COVID-19 and the decolonisation of aid debate were selected due to the acute disruption they caused in 2020;

While responding to epidemics and reflections on racism in aid were not new to the humanitarian system, the COVID-19 Pandemic required new ways of working in fast order, and the BLM protests brought renewed urgency to how aid organisations consider their roles and approaches.

The aim of the ALNAP Meeting, and this paper, is to learn how the humanitarian system responded to these disruptors.

In pursuing this, the paper distinguishes between ‘disruption’ and ‘change’:

  • Disruption signifies ‘the action of preventing something, especially a system, process, or event, from continuing as usual or as expected’ (Cambridge University Press, 2013). It may be brief or long term, and deep or surface level. A disruptor is the actor or thing that causes this disruption (ibid).

  • Change is an action or process through which something becomes different (Merriam-Webster, n.d). Changes may be small or large in scale, incremental or transformational in degree, and may occur gradually, or rapidly (Knox-Clarke 2017). Changes can also move in either positive or negative directions of travel.

This paper looks specifically at three important themes of change that emerged during the inception phase of the study: changes in localisation, changes in humanitarian financing, and changes in humanitarian operations.

1.1 Methodology

The research for this paper used a qualitative approach, combining insights from existing literature with key informant interviews (KIIs) to understand where changes are happening in the humanitarian system and the extent to which these changes are significant. The research team conducted an initial review of academic and grey literature in May 2021 to identify themes that this paper could usefully explore ahead of the 2021 Meeting.

Between June and August 2021, the research team conducted 33 KIIs with a diverse range of stakeholders. Many have been part of the humanitarian system for decades, working in bilateral and multilateral aid agencies including the UN, international and local non-governmental organisations (INGOs and LNGOs), civil society networks, think tanks and universities, and contributing directly and indirectly to crisis responses in Afghanistan, Bangladesh, Lebanon, Syria and Yemen.
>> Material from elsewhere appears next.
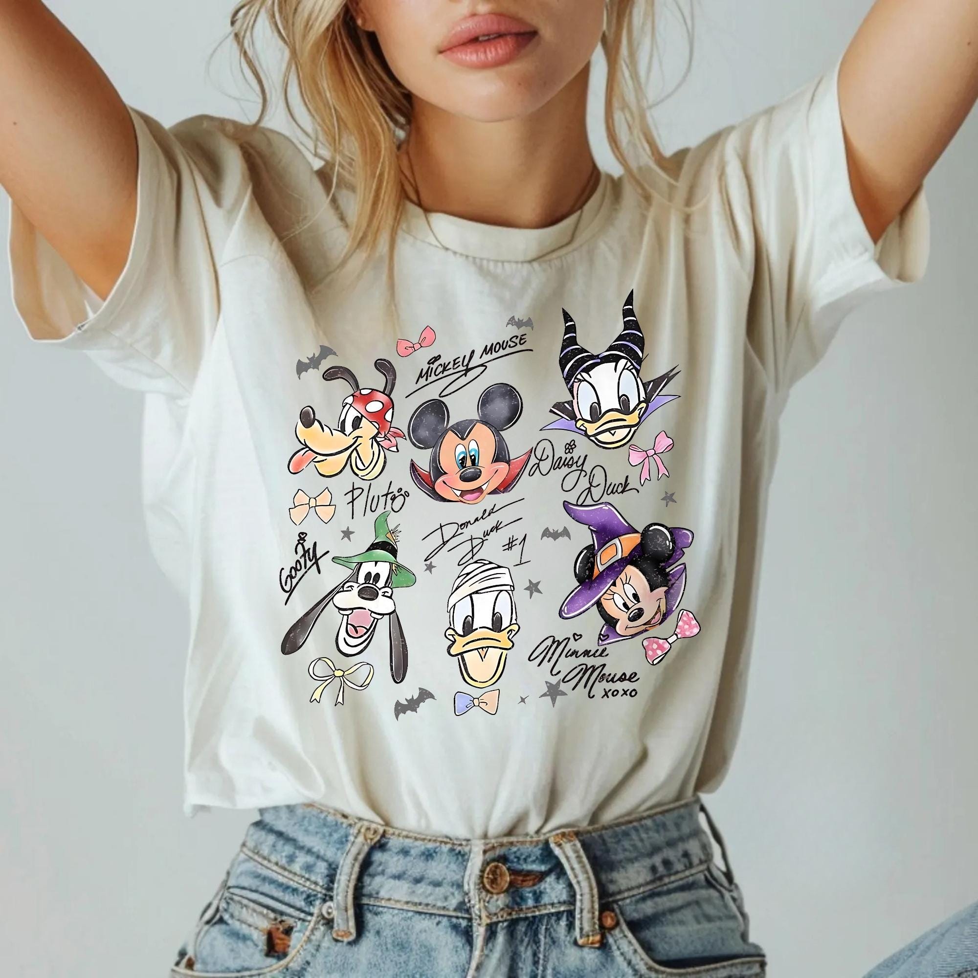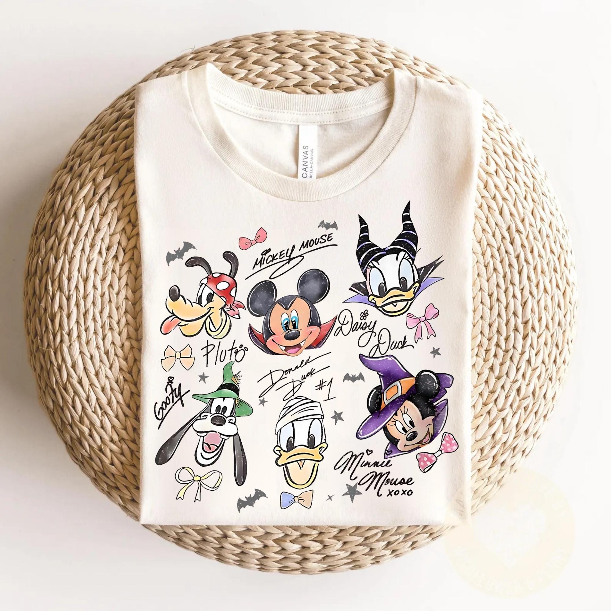 Retro Mickey & Friends with Signs Halloween Shirt, Mickey's Not So Scary Halloween Party Tee, Halloween Party Trip 2025 Shirt

In parallel and following the KIIs, the team reviewed additional literature to dive deeper into a smaller set of themes that are now covered by the paper. Interviews were conducted in English or French. Insights from the interviews were broadly consistent with recent literature.
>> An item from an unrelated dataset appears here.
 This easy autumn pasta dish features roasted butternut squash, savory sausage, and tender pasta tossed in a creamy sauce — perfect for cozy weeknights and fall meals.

Given the vastness and complexity of the humanitarian system and the limited time available to conduct the research, this paper is not a comprehensive review of change. Perceptions of change vary depending on who is asked and how people within the system understand discourses such as localisation and decolonisation.

The paper is organised as follows. Section 2 provides a summary of recent studies on change in the context of external triggers of the past and a brief overview of the pandemic and the decolonisation debate. Section 3 explores the extent to which the pandemic and the debate catalysed change in localisation. Sections 4 and 5 follow with similar insights on humanitarian financing and operations. Section 6 concludes with final thoughts.